2. Approaches to Solving RL Problems

Value-Based Methods

These methods focus on estimating the value (or quality) of states or state-action pairs.

  • Examples: Q-Learning, Deep Q-Networks (DQN).
  • Key Idea: Learn a value function that predicts future rewards, then derive the policy indirectly by choosing actions that maximize this value.

Policy Gradient Methods

Policy gradient methods take a direct approach by optimizing the policy itself.

  • Direct Optimization: They adjust policy parameters by computing gradients of a performance measure (often using the likelihood ratio trick).
  • Advantage Estimation: They use estimates of the advantage—how much better an action is compared to the average—to guide updates.
  • Flexibility: These methods naturally handle continuous and stochastic action spaces.

Actor-Critic Methods

These methods blend the strengths of both value-based and policy gradient approaches.

  • Actor: The component that directly updates the policy.
  • Critic: The component that evaluates the current policy by estimating value functions.
  • Benefit: This combination often leads to more stable and efficient learning.

3. Proximal Policy Optimization (PPO)

PPO is a modern algorithm that builds on policy gradient methods while addressing some of their stability challenges.

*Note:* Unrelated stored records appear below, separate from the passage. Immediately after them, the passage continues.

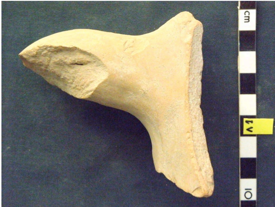
Εικ. 5. Η ενσφράγιστη λαβή υπ' αρ. 4.
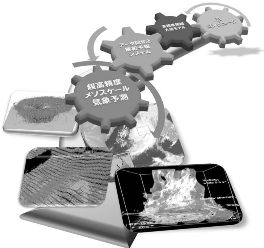
第1図 第6回超高精度メソスケール気象予測研究会のチラシに用いられた図。
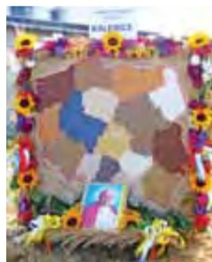
Mieszkańcy Kalenic mogą poszczycić się II miejscem.

W trakcie dożynek zaprezentowała swój program Grupa Wokal-
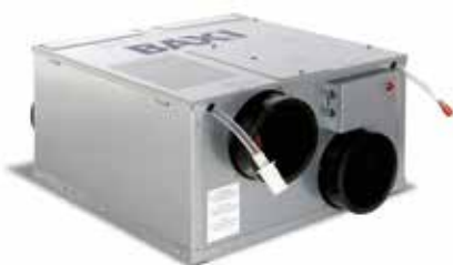
Supercompacto 220 x 396 x 396 mm

Recuperador de calor de alta eficiência (até 92%). Ideal para instalação em apartamentos, quartos de hotel ou locais com área até 80 m².

Key features include:

  • Data Collection: The agent gathers experiences by interacting with the environment, generating trajectories of states, actions, and rewards.
  • Surrogate Objective: Instead of optimizing the true expected reward (which is difficult to compute), PPO optimizes a surrogate objective. This objective uses the ratio of new to old policy probabilities, weighted by an advantage estimate.
  • Proximal Updates: PPO employs a clipping mechanism that limits the size of policy updates. This ensures that the new policy remains "proximal" or close to the current policy, preventing drastic changes that could destabilize learning.

Quick Intro to the Leatherback Project

Leatherback - Community Project Leatherback - Community ProjectLeatherback - Community Project Leatherback - Community Project

python scripts\reinforcement_learning\skrl\train.py --task Isaac-Leatherback-Direct-v0 --num_envs 32
tensorboard --logdir=logs\skrl\leatherback_direct\2025-03-24_17-22-19_ppo_torch
  • 4 Revolute Joints for the Wheels (moving forward-backward)
  • 2 Revolute Joints for the Knuckle (steering left-right)
image

PPO - Neural Networks: Actor - Critic

Policy Network (Actor) - “The Decision Maker”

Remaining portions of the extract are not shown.